EXERCISE REQUIREMENTS:
Repeat the span of the entries below that starts at the line with "Histogram of R, G, and" and ends at the line with "Visalux Lampu LED", nothing more. Skip the pictures.

GIVEN INFORMATION:
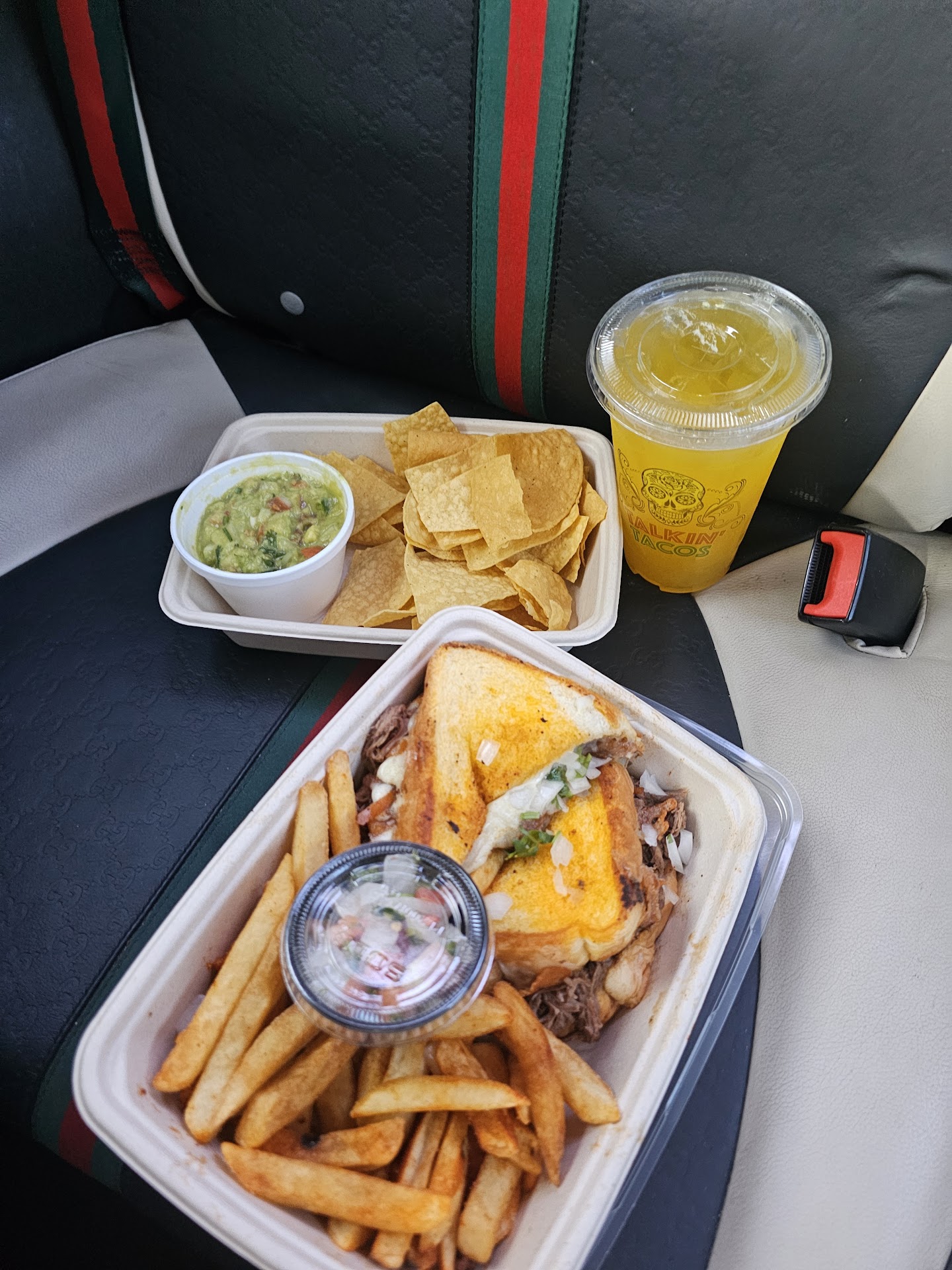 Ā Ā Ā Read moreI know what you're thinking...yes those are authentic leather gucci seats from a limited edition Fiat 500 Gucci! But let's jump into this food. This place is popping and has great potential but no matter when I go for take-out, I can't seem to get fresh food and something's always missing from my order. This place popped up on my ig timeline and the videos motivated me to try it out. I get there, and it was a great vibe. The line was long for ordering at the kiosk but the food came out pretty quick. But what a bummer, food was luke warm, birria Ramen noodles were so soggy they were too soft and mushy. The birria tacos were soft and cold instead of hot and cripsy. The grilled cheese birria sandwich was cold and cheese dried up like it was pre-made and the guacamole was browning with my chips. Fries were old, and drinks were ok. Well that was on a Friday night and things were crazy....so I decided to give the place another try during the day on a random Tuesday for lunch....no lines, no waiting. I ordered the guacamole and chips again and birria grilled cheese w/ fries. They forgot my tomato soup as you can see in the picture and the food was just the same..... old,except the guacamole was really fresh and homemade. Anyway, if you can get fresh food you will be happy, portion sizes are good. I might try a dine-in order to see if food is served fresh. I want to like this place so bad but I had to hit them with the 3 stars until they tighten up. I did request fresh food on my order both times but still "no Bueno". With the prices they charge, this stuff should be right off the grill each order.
---
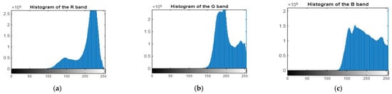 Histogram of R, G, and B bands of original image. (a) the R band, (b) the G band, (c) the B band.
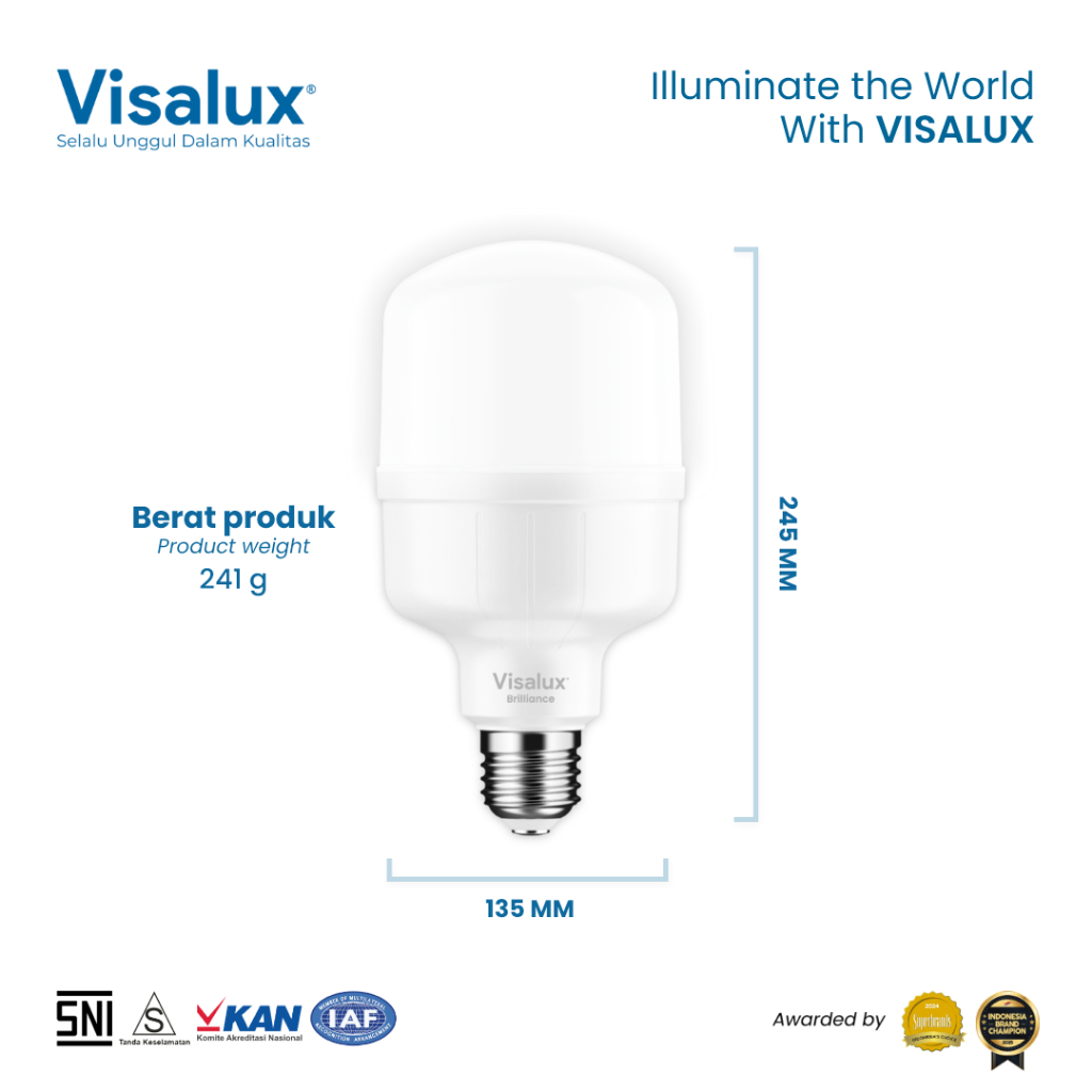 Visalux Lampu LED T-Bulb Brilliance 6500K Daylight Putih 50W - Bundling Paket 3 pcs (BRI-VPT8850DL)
* * *
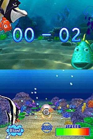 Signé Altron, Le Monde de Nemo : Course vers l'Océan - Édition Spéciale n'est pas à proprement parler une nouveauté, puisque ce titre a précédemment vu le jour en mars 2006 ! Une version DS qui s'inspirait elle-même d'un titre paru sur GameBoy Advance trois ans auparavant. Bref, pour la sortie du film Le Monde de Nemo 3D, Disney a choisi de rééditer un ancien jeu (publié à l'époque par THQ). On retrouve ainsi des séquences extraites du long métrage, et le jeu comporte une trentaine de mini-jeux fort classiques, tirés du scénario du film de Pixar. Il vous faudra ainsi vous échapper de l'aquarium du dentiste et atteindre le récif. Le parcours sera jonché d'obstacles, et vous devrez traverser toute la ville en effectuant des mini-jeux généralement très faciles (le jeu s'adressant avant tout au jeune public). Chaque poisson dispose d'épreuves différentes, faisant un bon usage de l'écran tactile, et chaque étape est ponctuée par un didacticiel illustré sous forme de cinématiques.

RESPONSE TO THE TASK:
 Histogram of R, G, and B bands of original image. (a) the R band, (b) the G band, (c) the B band.
 Visalux Lampu LED T-Bulb Brilliance 6500K Daylight Putih 50W - Bundling Paket 3 pcs (BRI-VPT8850DL)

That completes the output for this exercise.